Namun karena “kebenaran politik” yang disebut-sebut sebagai alasan mengapa tanda peringatan dari Hasan mungkin diabaikan oleh militer, beberapa pihak melihat Hasan diperlakukan dengan cara yang sama setelah penembakan.
Bernard Goldberg, mantan koresponden CBS News, menugaskan media untuk meliputnya.
“Jalur cerita yang mereka jalani seperti apa? Agama? Tentu saja tidak. Tidak bisa. Dia seorang Muslim,” katanya pada Jumat di acara “The O’Reilly Factor” di Fox News. “Mereka menderita sindrom stres pasca-trauma karena hal itu memberi mereka kesempatan untuk mencoba perang yang awalnya tidak mereka sukai.”
Secara pribadi, para petinggi militer telah mengakui bahwa pembantaian tersebut mungkin merupakan tindakan terorisme.
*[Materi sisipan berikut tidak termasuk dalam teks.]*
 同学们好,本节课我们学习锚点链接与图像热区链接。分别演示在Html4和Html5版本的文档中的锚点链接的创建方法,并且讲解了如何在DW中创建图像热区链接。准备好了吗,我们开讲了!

Dalam serangkaian email yang dikirim 24 jam setelah penembakan dan diperoleh Fox News, seorang kolonel di komando bintang dua menginstruksikan perwira bawahannya: “Tolong kirim pesan ke pusat pelatihan kami, (pangkalan dukungan logistik), dan (departemen). ) memberi tahu mereka tentang … tanggung jawab (mereka) untuk memberikan perintah ini status rencana anti-terorisme masing-masing.”
Namun, di depan umum, KSAD tampak enggan mengakui apa yang tampaknya menjadi faktor dominan dalam pandangan Hasan: peralihannya ke pandangan Islam dan menentang perang di Afghanistan dan Irak.
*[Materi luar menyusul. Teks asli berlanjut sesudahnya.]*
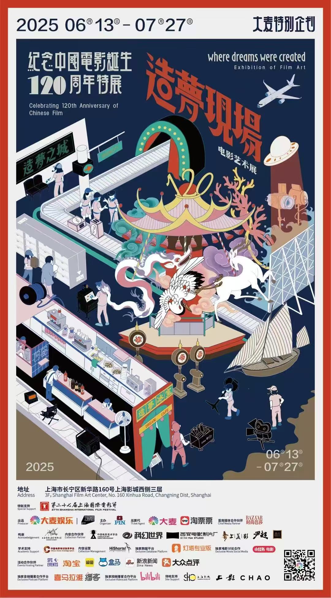 2025年,为庆祝中国电影诞生120周年,造梦现场在上影节上海影城内创作了一个有关电影的城市,在这个城市里里的一切都是关于电影的,拍电影是造梦,看电影是做梦,梦境与致敬并行,观众化身电影之城的公民,在不同的梦境里穿梭,跨越120周年的时空,置身中国电影百年的影像与浪漫之中。展区汇集了300+影人真迹、1000件电影资料、10组+摄影作品、8大主题展区。汇聚了张艺谋、袁和平、管虎等国内著名导演以及上美影、中国电影美术学会等国内顶尖机构,共同构成造梦现场-电影之城。
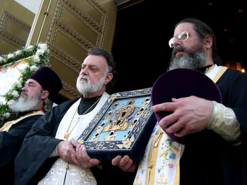 В четыре часа дня в кафедральном соборе иконы Божией Матери «Всех Скорбящих Радосте» была торжественно встречена Одигитрия русского зарубежья Коренно-Курская икона. Архиепископ Сиднейский и Австралийско-Новозеландский Иларион внес чудотворный образ Богоматери в кафедральный собор при всенародном пении тропаря: «Яко неподимую стену».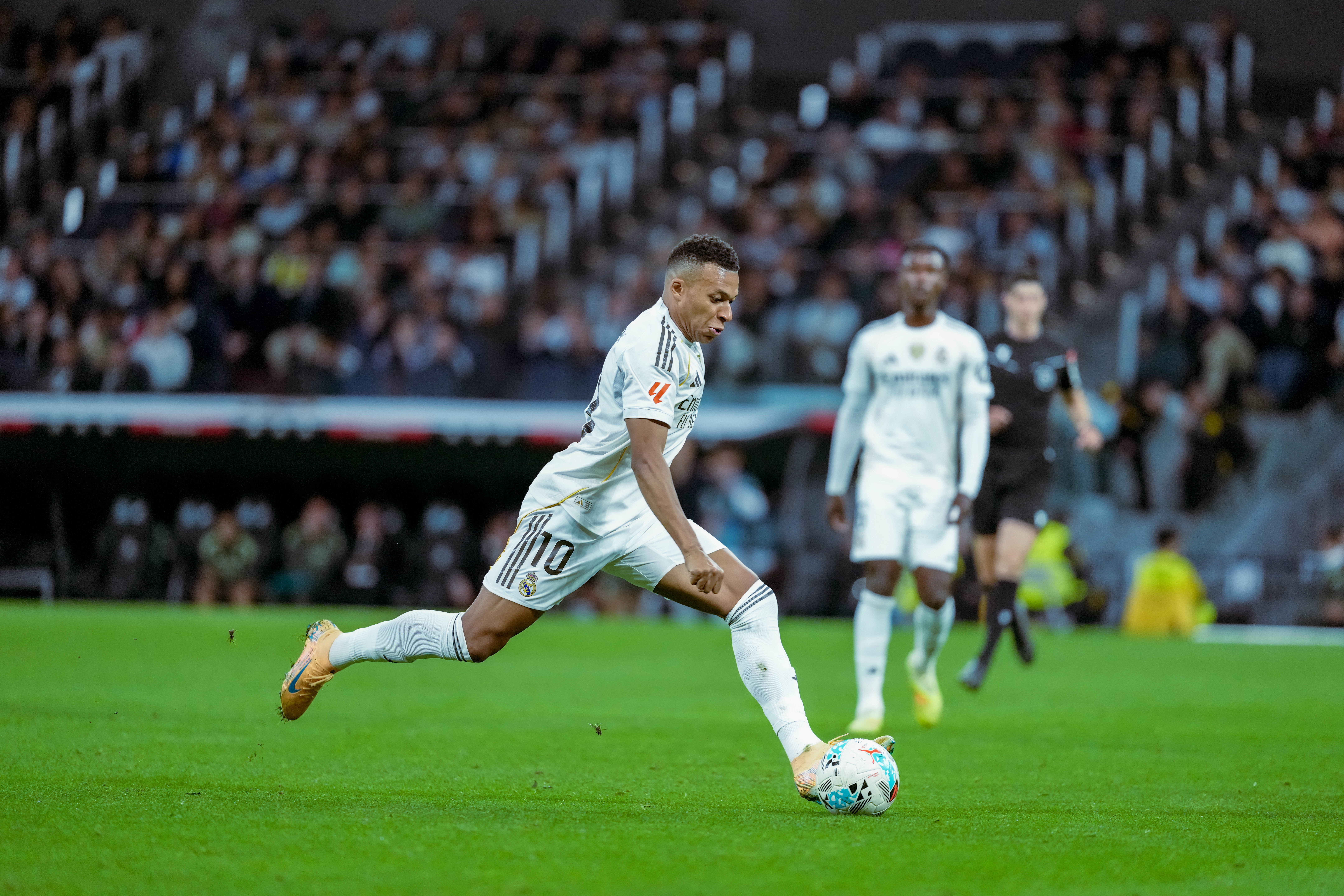 虎扑11月02日讯西甲联赛第11轮,皇家马德里主场4-0大胜瓦伦西亚。姆巴佩在本场比赛上演梅开二度。

“Saya pikir spekulasi ini berpotensi memperburuk reaksi terhadap beberapa tentara Muslim kita,” kata Panglima Angkatan Darat Jenderal. George Casey, berkata. “Dan apa yang terjadi di Fort Hood adalah sebuah tragedi, tapi saya yakin ini akan menjadi tragedi yang lebih besar jika keberagaman kita menjadi korban di sini.”
Beberapa komentator lain mencatat keyakinan Hasan hanya untuk menunjukkan bahwa pertimbangannya telah mengecewakan kaum konservatif.
“Saya merasa ngeri karena dia seorang Muslim,” kata Evan Thomas dari Newsweek. “Maksudku, karena hal itu menambah ketakutan. Aku pikir dia mungkin sudah gila. Tapi dengan label itu pada dirinya, hal itu akan membuat sayap kanan bergerak dan itu — maksudku, hal-hal ini tragis, tapi itu sangat berarti.” lebih buruk.”
Kontributor Fox News, Monica Crowley, menyebut penilaian itu “luar biasa”.
“Saya pikir dia sangat mendukung kebenaran politik, seperti halnya banyak orang, termasuk sekarang, seperti yang kita tahu, militer AS. Kebenaran politik tampaknya menjadi kematian negara ini,” katanya.
Blogger satir Barry Rubin dari “The Rubin Report” bertanya-tanya apakah New York Times yang meliput pembunuhan Lincoln akan mengabaikan fakta bahwa John Wilkes Booth meneriakkan slogan Konfederasi setelah penembakan dan malah melaporkan bahwa dia “secara psikologis tidak stabil … takut pada perang saudara akan segera berakhir dan harus menghadapi kelebihan aktor di masa damai.”
James Rosen dan Mike Levine dari Fox News berkontribusi pada laporan ini.